Plasmodium forresteri

Scientific classification
- Domain: Eukaryota
- Clade: Sar
- Clade: Alveolata
- Phylum: Apicomplexa
- Class: Aconoidasida
- Order: Haemospororida
- Family: Plasmodiidae
- Genus: Plasmodium
- Species: P. forresteri
- Binomial name: Plasmodium forresteri Telford, 1979

= Plasmodium forresteri =

- Authority: Telford, 1979

Species of single-celled organism

Plasmodium forresteri is a parasite of the genus Plasmodium.

Like all Plasmodium species P. forresteri has both vertebrate and insect hosts. The vertebrate hosts for this parasite are birds.

==Description==
The parasite was first described by Telford et al. in 1979.

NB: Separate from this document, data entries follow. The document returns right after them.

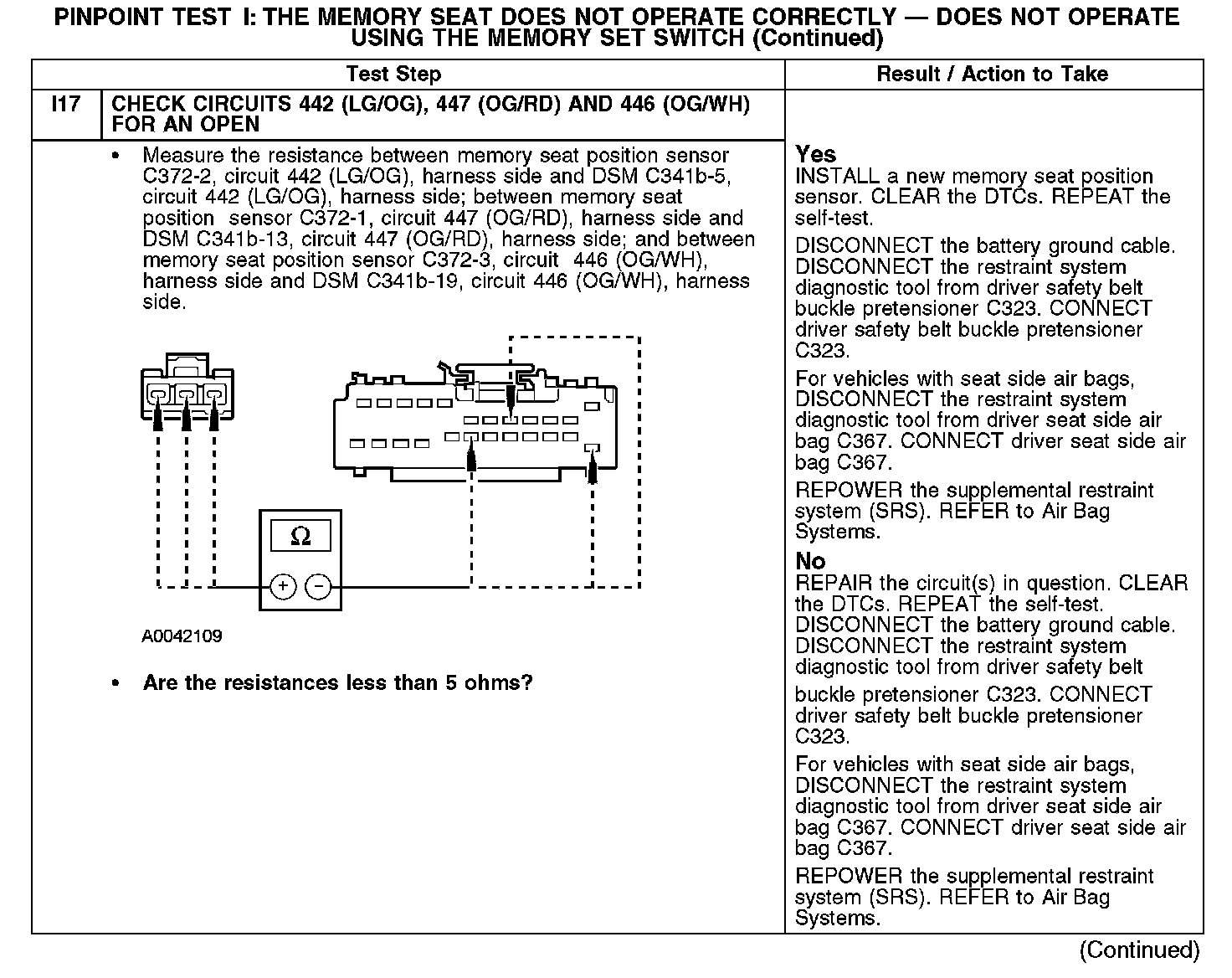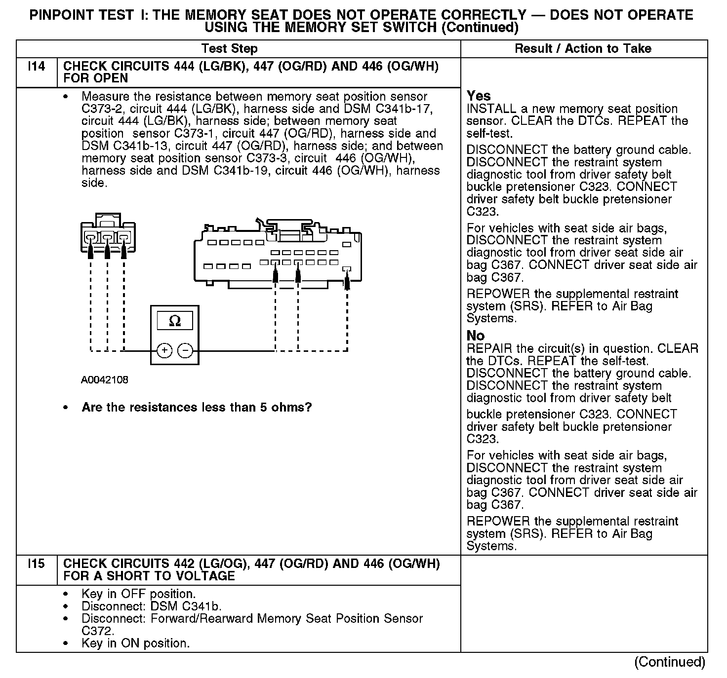 Test I: The Memory Seat Does Not Operate Correctly - Does Not Operate Using The Memory Set Switch
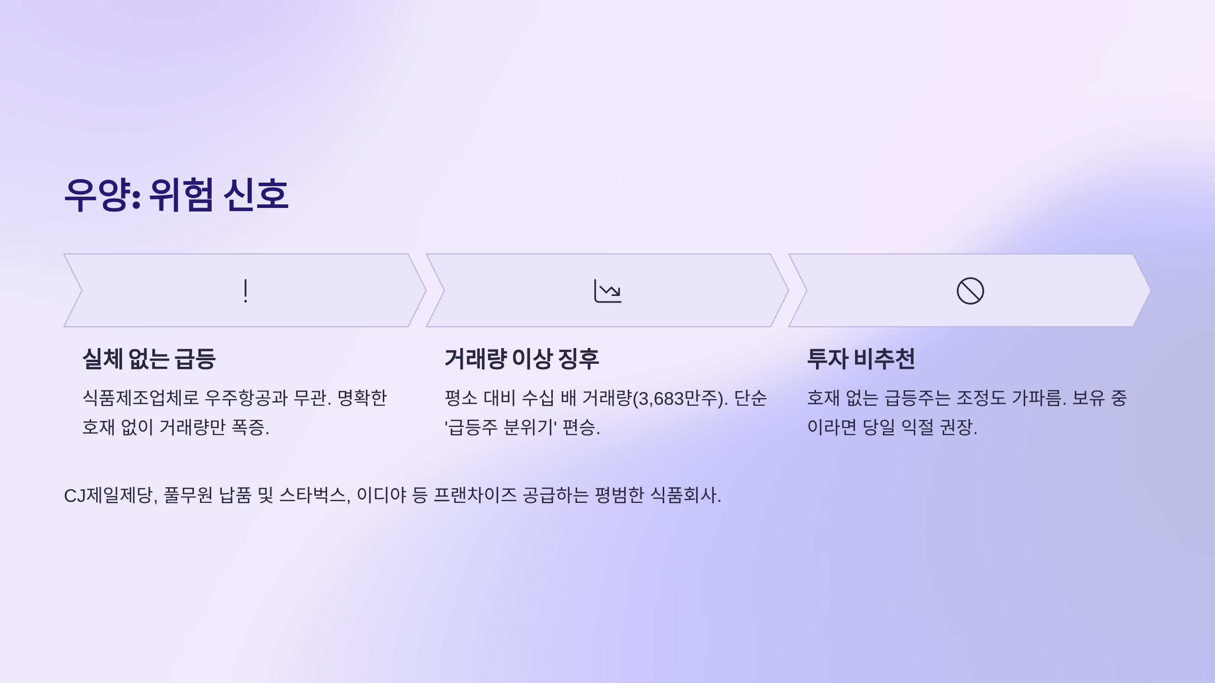 CJ제일제당, 풀무원 같은 데 납품하고, 스타벅스나 이디야 같은 프랜차이즈에도 공급하는 평범한 식품회사다. 뭔가 특별한 게 있나 했는데... 없다.
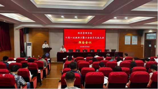 七届一次教职工代表大会暨七届一次工会会员代表大会在经管楼A218开幕。来自学院不同工作岗位的48名代表参加会议。
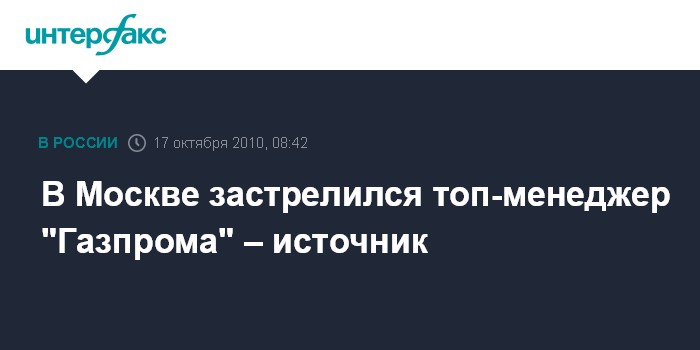 В Москве застрелился топ-менеджер "Газпрома" – источник
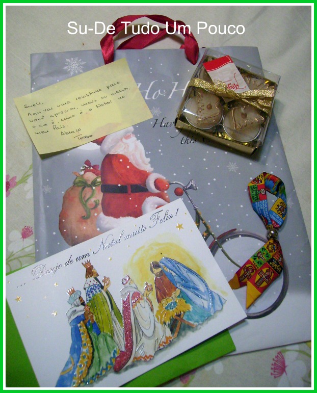 Primeiro ganhei presentes da minha amiga Teresa, lá de Lisboa, nem acreditei quando recebi, saí falando pela casa: é da Teresa, é da Teresa rsrsrs, ela agradou a todos com o seu carinho, com cada palavra e os detalhes.
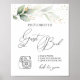 Photo Guestbook Wedding Sign Poster with green and gold foliage in watercolor style. On the top - golden and greenish effect confetti.
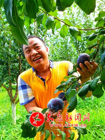 “黑牛”名叫劉春波,是安康市黑牛富硒種植業(yè)有限公司老板。“你種的果子像你的公司名一樣又大又壯!”面對大家詼諧的夸贊,“黑牛”自豪地笑著說,“農(nóng)業(yè)是個良心活兒,咱園區(qū)用的全是農(nóng)家肥,所以長得大,你看咱家的黑布林長的比梨子都大,一個六兩,一個抵仨!”
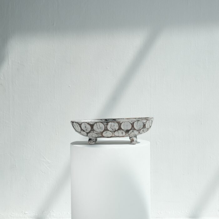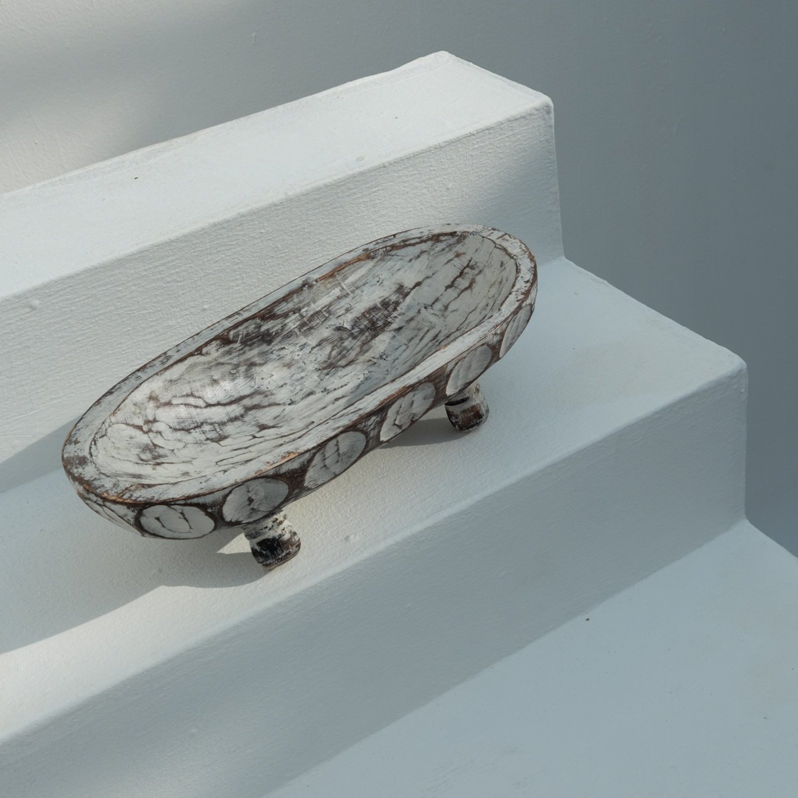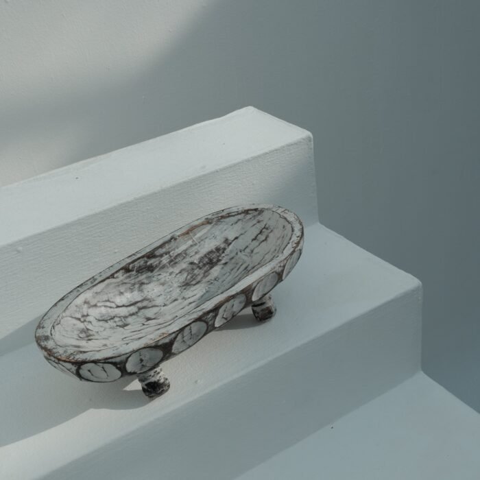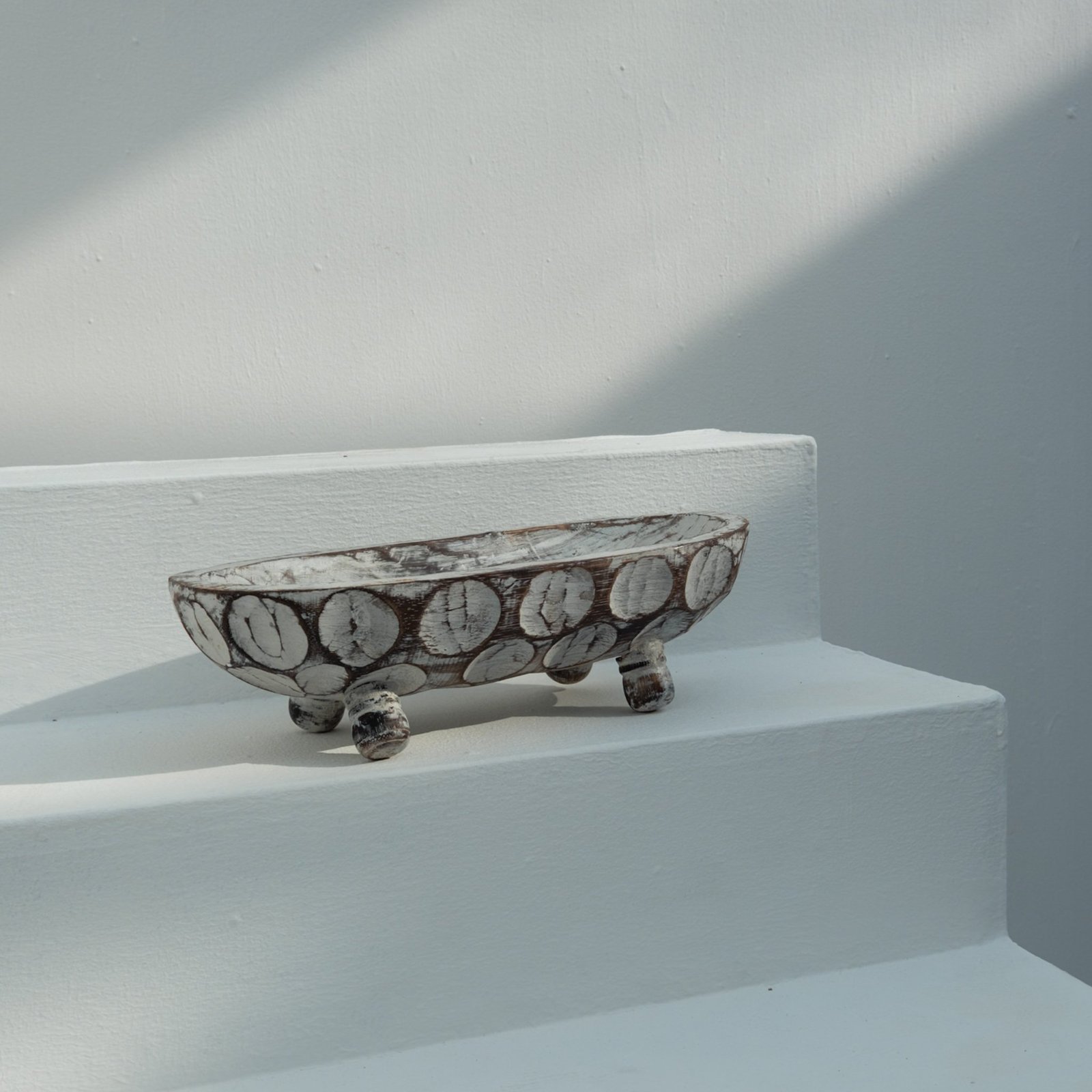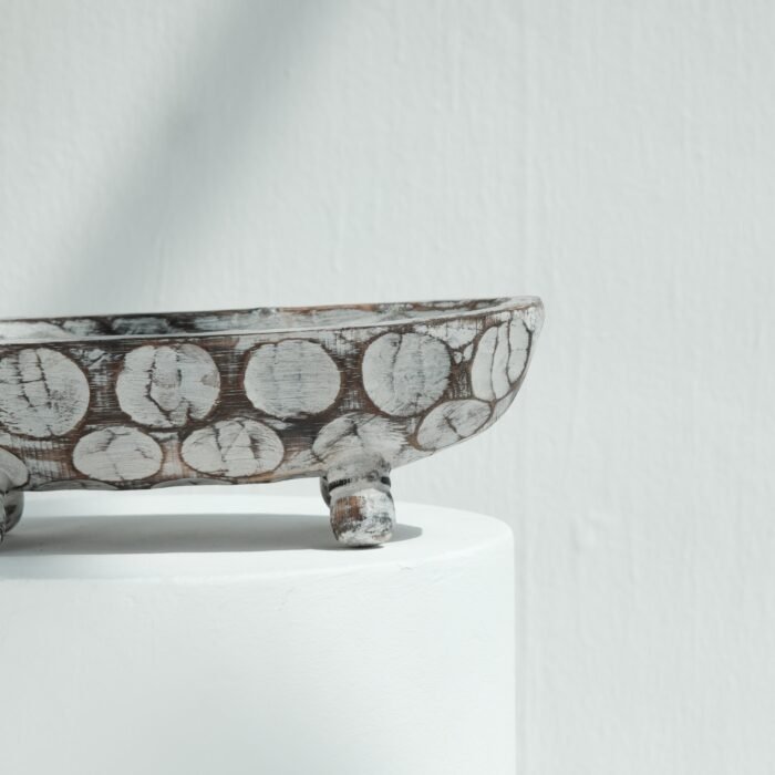 Bring timeless craftsmanship into your home with this exquisite hand-carved wooden tray. Each piece is skillfully crafted by Balinese artisans, showcasing delicate detailing and a soft whitewash finish that highlights the natural grain of the wood.
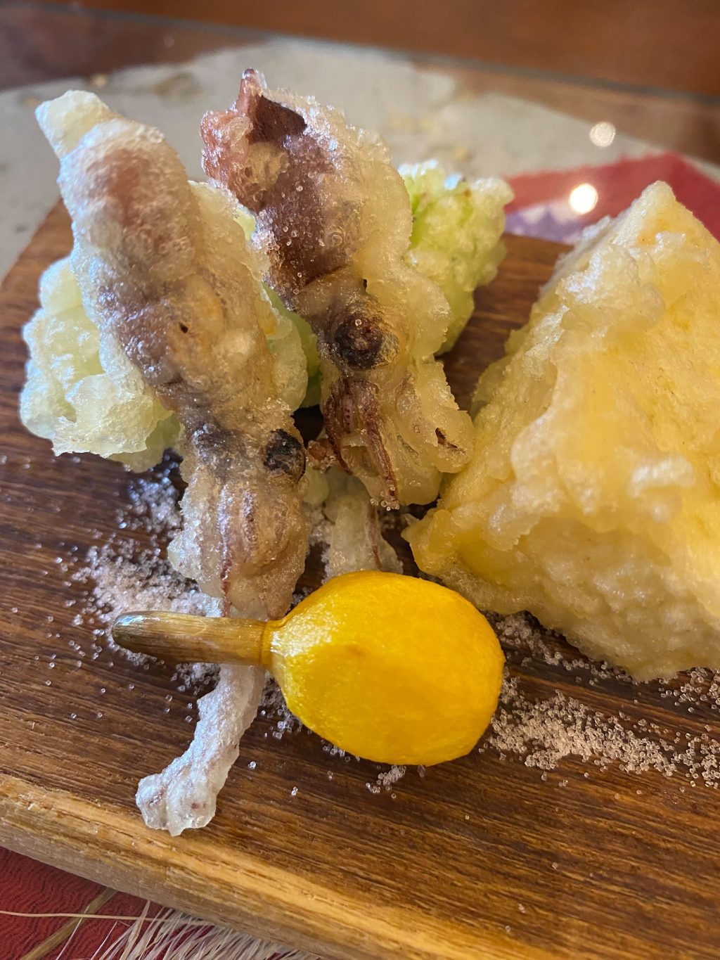 5品目は、天ぷらの盛り合わせ。つぼみな、穂谷産のさつまいもは超甘かった!ホタルイカの天ぷらが珍しい~ここにも春がっ!!!小さなクワイがメデターーーイ!!!
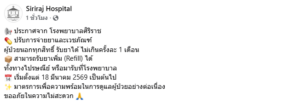 จึงกำหนดให้จ่ายยาและเวชภัณฑ์ สำหรับผู้ป่วยนอกทุกสิทธิ์ ในระยะเวลาไม่เกินครั้งละ 1 เดือน โดยให้นัดรับยาเพิ่มเติม (Refl) ในส่วนที่เหลือ กรณีที่ผู้ป่วยมีนัดจะออกใบเติมยา โดยรับยาได้ทั้งทางไปรษณีย์หรือมารับที่โรงพยาบาลศิริราช เริ่มตั้งแต่วันที่ 18 มีนาคม 2569 เป็นต้นไป
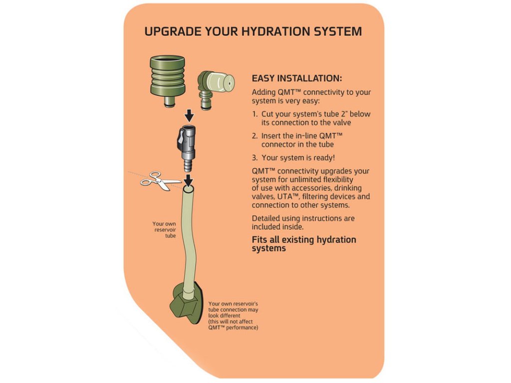 Pracuje podobně jako brčko - je třeba vodu natahovat ústy. QMT™ montážní systém umožňuje ventil snadno sundat a protáhnout hadici malými otvory či poutky výstroje.
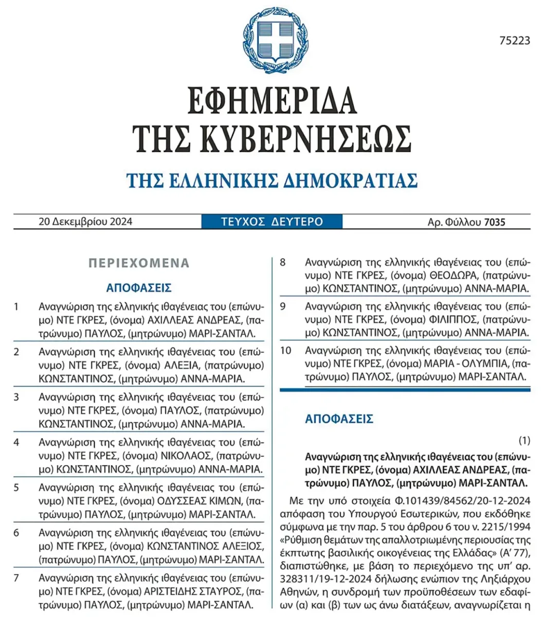 Σημειώνεται ότι στις 20 Δεκεμβρίου 2024 δημοσιεύθηκε στο φύλλο της Εφημερίδας της Κυβερνήσεων, η απόφαση του υπουργού Εσωτερικών, Θοδωρή Λιβάνιου, που αναγνωρίζει την ελληνική ιθαγένεια των μελών της οικογένειας του τέως βασιλιά Κωνσταντίνου. Παράλληλα με αυτήν την απόφαση δόθηκε εντολή για την εγγραφή τους στο δημοτολόγιο του Δήμου Αθηναίων, επιτρέποντάς τους να βγάλουν ελληνική ταυτότητα και διαβατήριο. Έως τότε είχαν δανέζικα. Επίσης, τα 10 μέλη της οικογένειας του τέως βασιλιά Κωνσταντίνου κατέθεσαν αίτηση για να τους δοθεί η ελληνική ιθαγένεια στο Ληξιαρχείο Αθηνών. Νωρίτερα, αποδέχθηκαν εγγράφως το Σύνταγμα και το πολίτευμα της χώρας, δηλώνοντας ότι δεν έχουν καμία αξίωση από το ελληνικό κράτος.
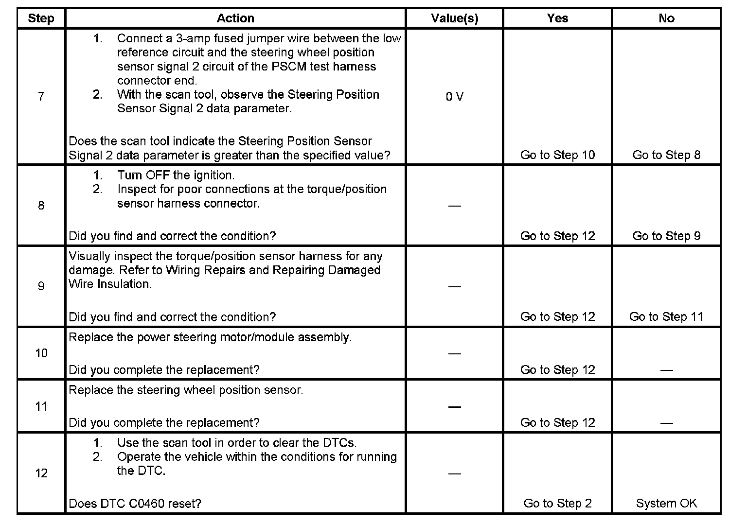 DTC C0460 Steering Position Sensor
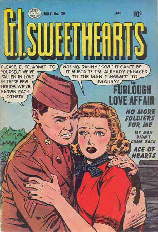 How this Furlough Love Affair ended, we don’t know – but note how the very next story swears off enlisted men again. Perhaps this was an attempt to attract readers who were either in love with a GI, wanted to be in love with a GI, or just got over a GI and wanted someone nice who didn’t wake screaming. Really, it must have been hard and all and Korea was cold, he said, but – oh, look! Here comes that fella the girls call the Ace of Hearts! How’s my hair? |

==Geographical occurrence==
This organism is found in Florida and southern Georgia, United States.

==Clinical features and host pathology==
This organism naturally infects the following species:
- Eastern screech-owls (Otus asio)
- Great horned owls (Bubo virginianus)
- Barred owls (Strix varia)
- Bald eagles (Haliaeetus leucocephalus)
- Red-shouldered hawks (Buteo lineatus)
- Broad-winged hawks (Buteo platypterus)
- Red-tailed hawks (Buteo jamaicensis)

Experimental infections have been established in the following species:
- Japanese quail (Coturnix japonica)
- Pekin ducks (Anas platyrhynchos)

The only currently known mosquito vector is Culex restuans.